SOURCE DATA:
* * * * * * * * *
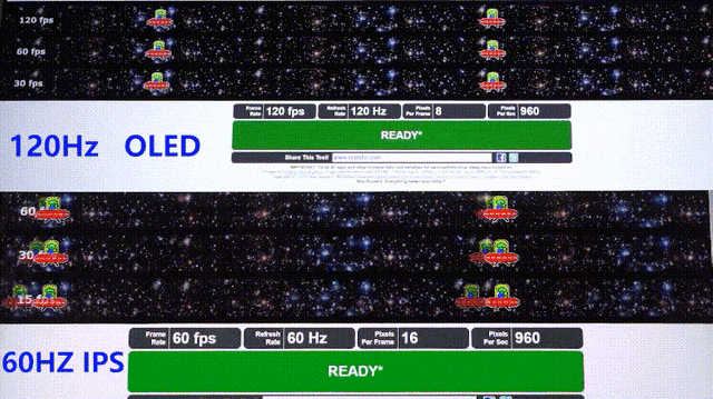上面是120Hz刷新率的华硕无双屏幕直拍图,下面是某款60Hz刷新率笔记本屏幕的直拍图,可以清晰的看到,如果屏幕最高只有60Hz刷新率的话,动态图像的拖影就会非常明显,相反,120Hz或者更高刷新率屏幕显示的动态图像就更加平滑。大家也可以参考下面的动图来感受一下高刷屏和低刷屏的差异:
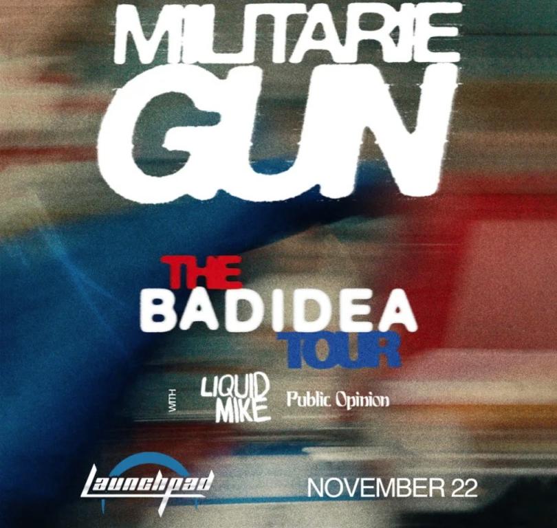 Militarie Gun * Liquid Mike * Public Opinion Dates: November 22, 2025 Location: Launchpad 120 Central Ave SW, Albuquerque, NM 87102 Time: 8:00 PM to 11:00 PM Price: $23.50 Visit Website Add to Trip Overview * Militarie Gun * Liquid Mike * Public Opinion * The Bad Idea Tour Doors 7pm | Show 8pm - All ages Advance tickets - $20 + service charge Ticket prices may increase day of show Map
* * * * * * * * *
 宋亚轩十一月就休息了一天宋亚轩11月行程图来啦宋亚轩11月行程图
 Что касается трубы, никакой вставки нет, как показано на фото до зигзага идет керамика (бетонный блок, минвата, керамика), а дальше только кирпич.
* * * * * * * * *
PROMPT:
Transcribe each line of the data above, unaltered, from the one where "宋亚轩十一月就休息了一天宋亚轩11月行程图来啦宋亚轩11月行程图" appears to the one where "Что касается трубы, никакой" appears, inclusive of both.

TASK ANSWER:
 宋亚轩十一月就休息了一天宋亚轩11月行程图来啦宋亚轩11月行程图
 Что касается трубы, никакой вставки нет, как показано на фото до зигзага идет керамика (бетонный блок, минвата, керамика), а дальше только кирпич.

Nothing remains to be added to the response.